=== Data supplied ===

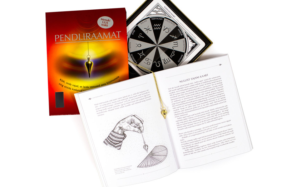 Komplekti kuulub 128-leheküljeline käsiraamat, nööriga pendel ja valik ennustamis-, astroloogilisi ja päikesemärkide kaarte. Võime võtta pendlikomplekti kui tööriista, mõnusat ajaviidet või võimalust ennast sügavamalt tundma õppida.
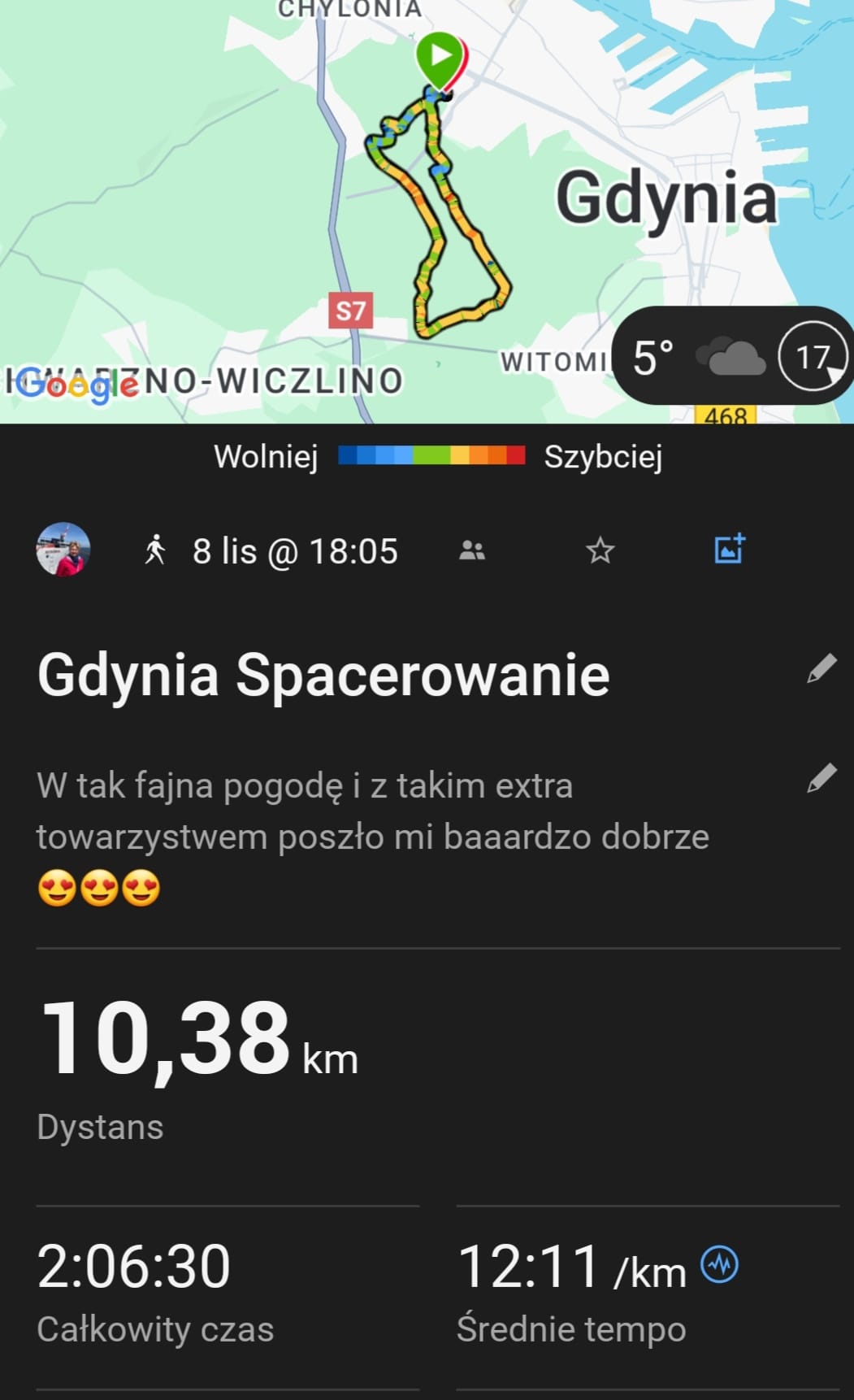 - trasa 10,38 km w czasie 2:06 minut (czas brutto)
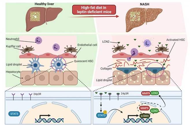 논문 제목은 리포칼린-2가 간별세포를 활성화해 고지방식이를 먹인 비만 마우스에서 비알코올지방간염을 촉진한다.(Lipocalin-2 activates hepatic stellate cells and promotes non-alcoholic steatohepatitis in high-fat diet-fed ob/ob mice).
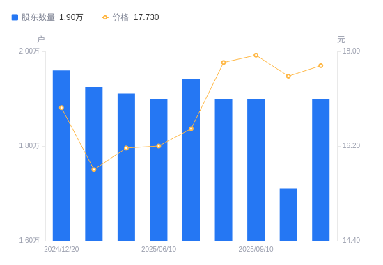 近一年(2024年9月30日至2025年9月30日),中荣股份A股股东户数从2.13万户,减低至1.71万户,降幅19.83%,区间股价上涨16.85%。
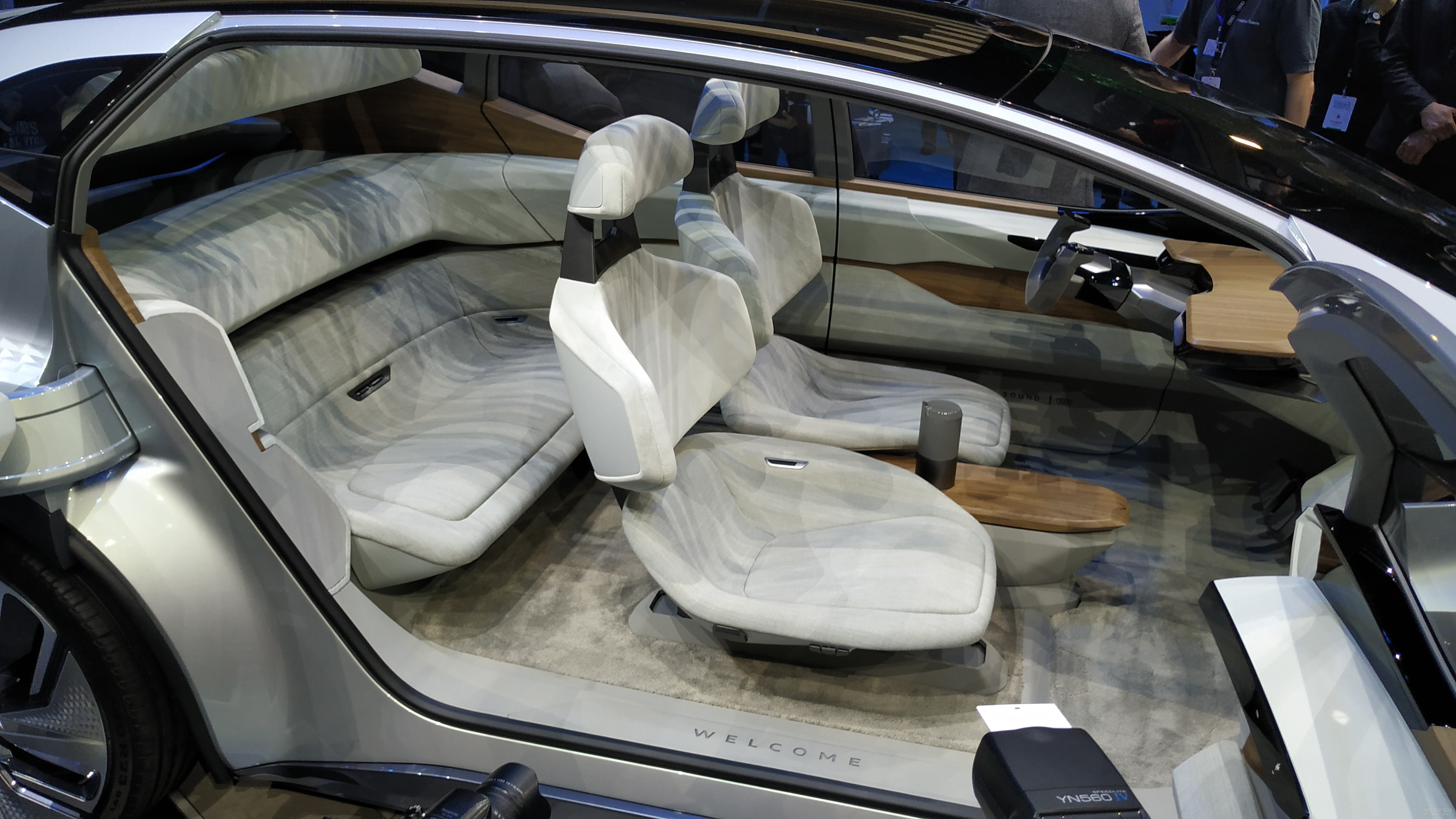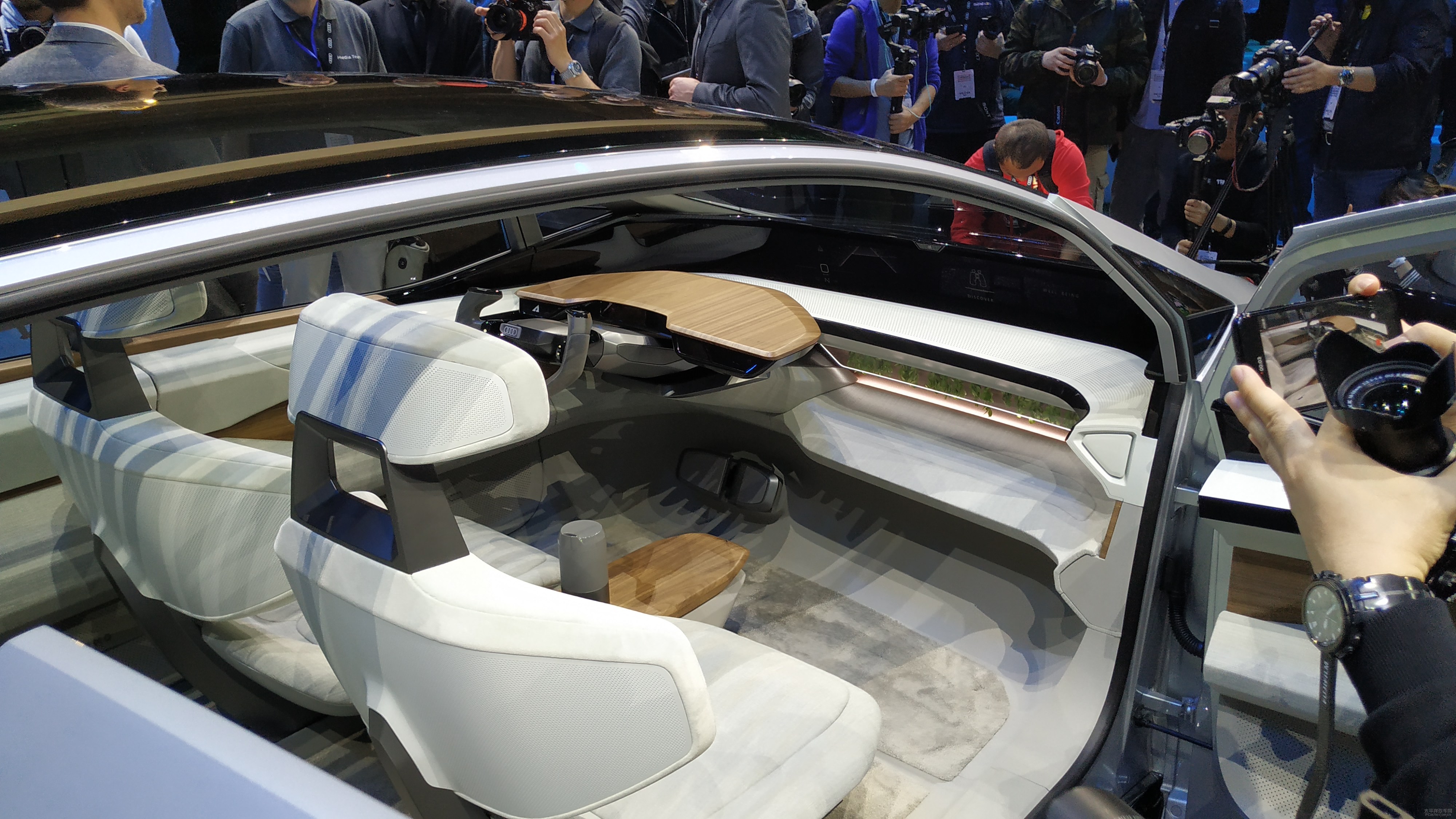 进到车里,新车内装饰与外观设计一样,一样具有未 来感,奥迪官方将其称之为“第三生活家居”,其仪表台上边被显示屏占有,可将交流与沟通、娱乐休闲、办公室等都可以在车里开展,其显示屏还具有裸眼3D作用。因为新汽车配用了无人驾驶的原因,当司机不应用汽车方向盘时,汽车方向盘还可收纳整理到司机正前方桌板下,为乘驾工作人员出示更充裕的娱乐休闲、工作中室内空间。
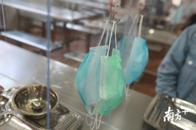在深圳外国语学校初中部,餐厅设好数条通道,通道地面每隔1米粘贴排队站位标志和取餐后返回路线标志。学生排队取餐,领餐后,分区域用餐,交错间隔就坐。在每张餐桌上有安装专门的隔板,为防止学生吃饭时飞沫传播等。隔板上还贴心的安装小挂钩,供学生放置口罩。
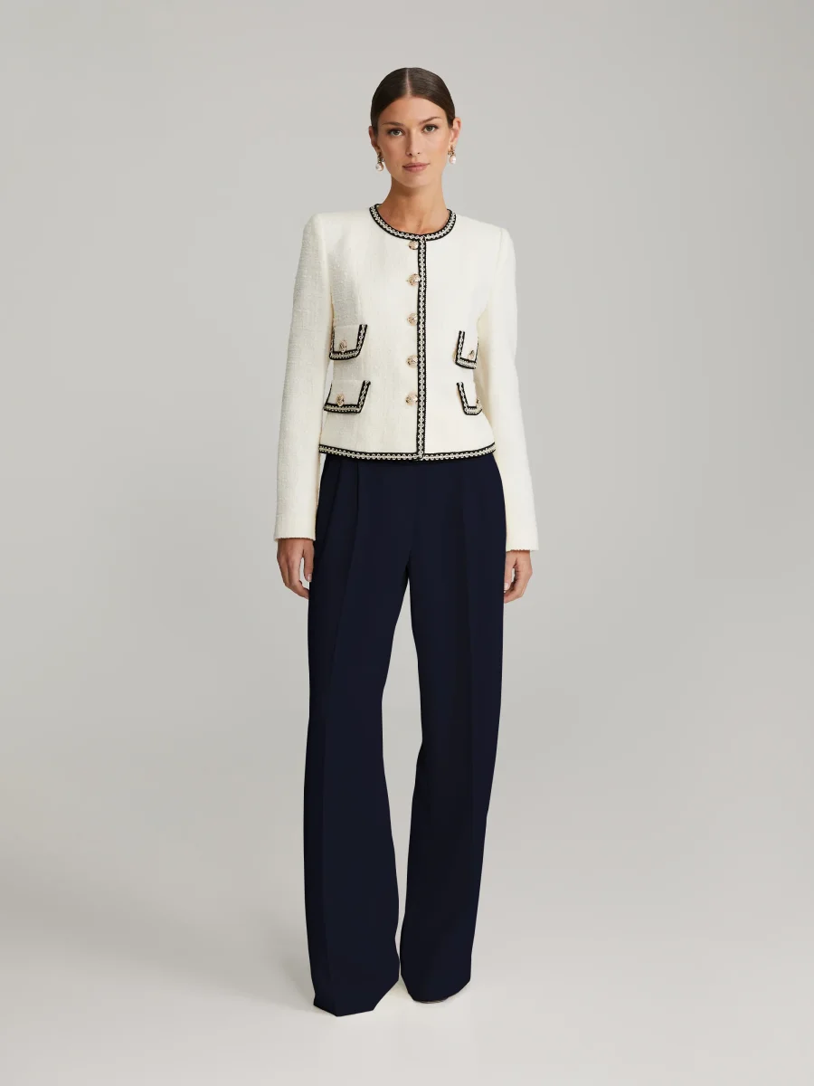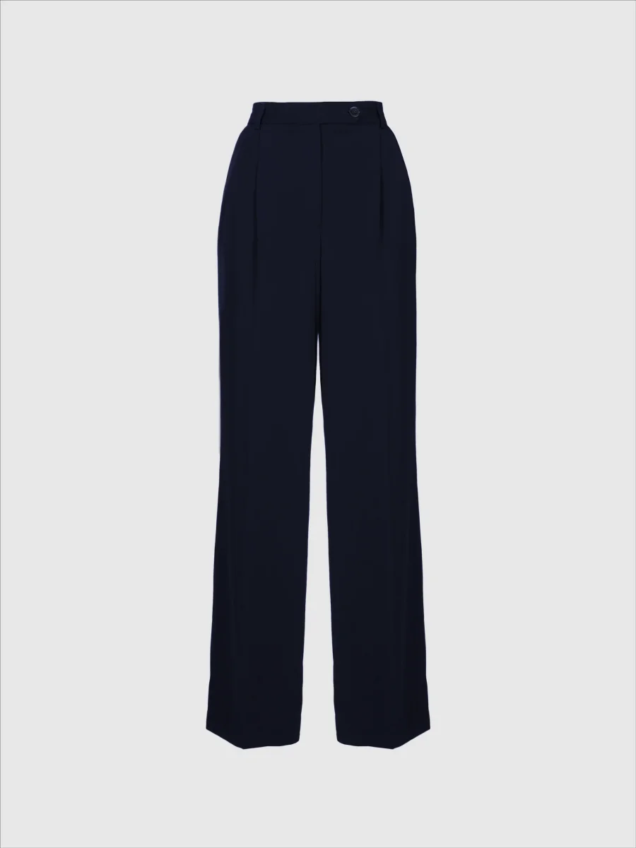 Hellånga byxor med vida ben. Pressade veck fram och bak, fickor på sidorna, bälteshällor samt dragkedja och knappstängning.
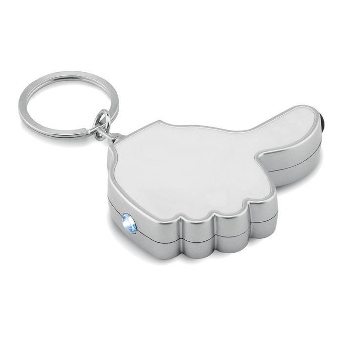 Privjesak za ključeve s LED svjetiljkom i nastavkom za ekrane osjetljive na dodir, u obliku “sviđa mi se”.

===

Work to be completed
Lines from the one with "进到车里,新车内装饰与外观设" through the final line of the records are the whole answer; print them exactly, minus any pictures.

Exercise response
 进到车里,新车内装饰与外观设计一样,一样具有未 来感,奥迪官方将其称之为“第三生活家居”,其仪表台上边被显示屏占有,可将交流与沟通、娱乐休闲、办公室等都可以在车里开展,其显示屏还具有裸眼3D作用。因为新汽车配用了无人驾驶的原因,当司机不应用汽车方向盘时,汽车方向盘还可收纳整理到司机正前方桌板下,为乘驾工作人员出示更充裕的娱乐休闲、工作中室内空间。
在深圳外国语学校初中部,餐厅设好数条通道,通道地面每隔1米粘贴排队站位标志和取餐后返回路线标志。学生排队取餐,领餐后,分区域用餐,交错间隔就坐。在每张餐桌上有安装专门的隔板,为防止学生吃饭时飞沫传播等。隔板上还贴心的安装小挂钩,供学生放置口罩。
 Hellånga byxor med vida ben. Pressade veck fram och bak, fickor på sidorna, bälteshällor samt dragkedja och knappstängning.
 Privjesak za ključeve s LED svjetiljkom i nastavkom za ekrane osjetljive na dodir, u obliku “sviđa mi se”.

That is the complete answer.